The curriculum deliberately excludes high‑level frameworks like TensorFlow and JAX to force students to implement backpropagation, optimizers, and layer logic by hand. Introducing these libraries too early would create the black‑box effect that the standard‑library‑first policy is designed to eliminate.

### Can I add a missing utility library to a lesson if it is not in the allowlist?

No. Any import outside the list is rejected by the CI pipeline running [`scripts/audit_lessons.py`](https://github.com/rohitg00/ai-engineering-from-scratch/blob/main/scripts/audit_lessons.py). If a lesson truly requires external functionality, the maintainer must update the **Dependency Allowlist** in [`AGENTS.md`](https://github.com/rohitg00/ai-engineering-from-scratch/blob/main/AGENTS.md) and provide the justification “stays std‑lib‑first for educational clarity.”
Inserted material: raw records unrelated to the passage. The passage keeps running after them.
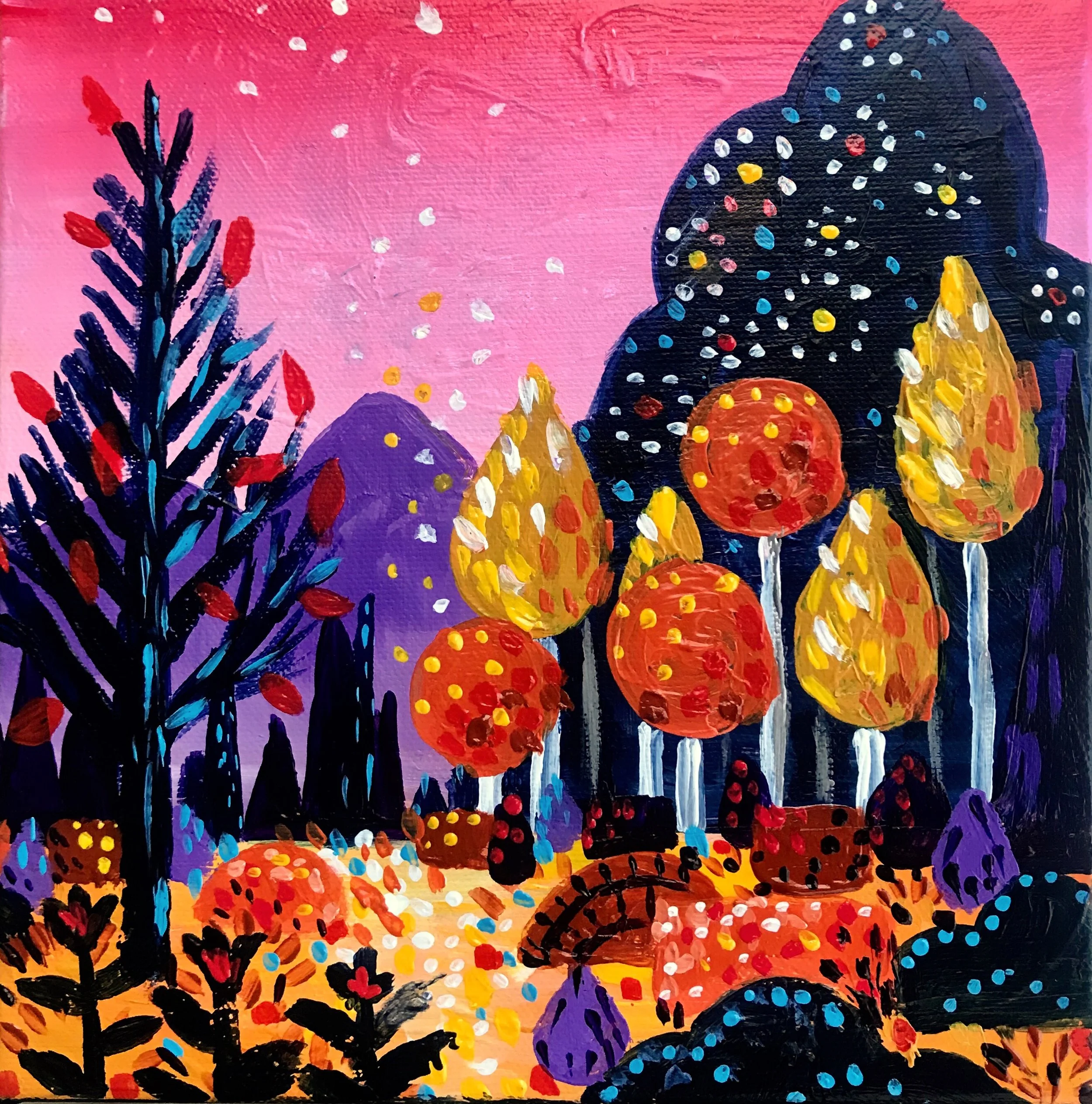 Mural for Yoga Baum, a yoga studio in Louisville, KY, inspired by the artwork of Sleeping Beauty, The Last Unicorn, and Miyazaki films.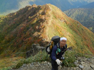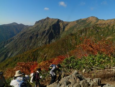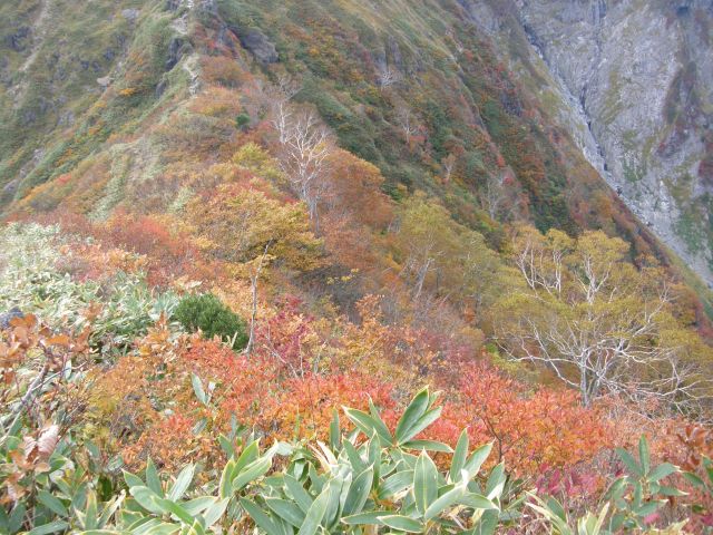 紅葉の美しさを目の当たりにして、とても感動したのを覚えています。 この日もまた西黒尾根を下ることにします。 |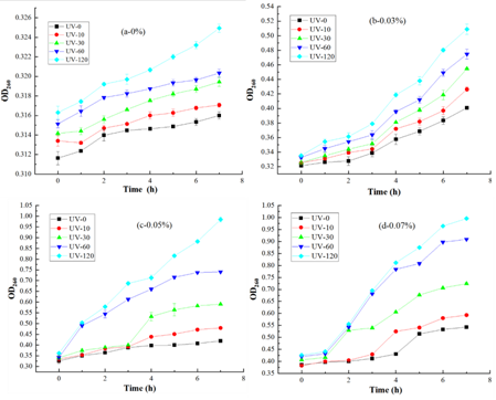 Figure.4. Different time UV illumination of CTS-TiO2-Ag composite film containing of nano-TiO2 inC. gloeosporioides solution OD260 (a) 0%; (b) 0.03%; (c) 0.05%; (d) 0.07%.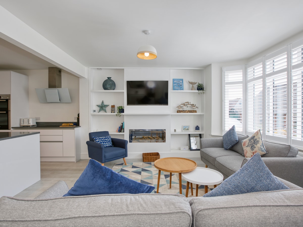 Kick back and relax in this calm, stylish accommodation. Enter through the front door into the open plan spacious, contemporary kitchen, dining and living area. The Kitchen is extremely well equipped and includes Nespresso coffee machine and Dualit appliances. The notably large bedroom has an en-suite wet room and French doors opening onto a veranda and garden with stunning views of the sea and coast. The garden has furniture to relax in whilst enjoying the views. 15 mins walk to beach/town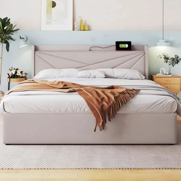 | Nom du produit | Lit coffre 160×200 cm – USB et type C – Lit double pour 2 personnes – Sommier à lattes – Tissu Lin beige |

### How does restricting packages improve AI safety and alignment?

A smaller dependency graph reduces the attack surface for supply‑chain exploits and ensures that every library has a stable, audited API. This mirrors the curriculum’s *Ethics & Safety* phase, which teaches that reliable systems start with controlled, transparent dependencies.

### What is the exact difference between h5py and safetensors in the curriculum?

**h5py** is used for storing and loading large training datasets in HDF5 format, while **safetensors** is reserved for serializing and deserializing model weights. Separating data I/O from checkpoint I/O keeps the pipeline modular and avoids locking the curriculum into a single monolithic framework.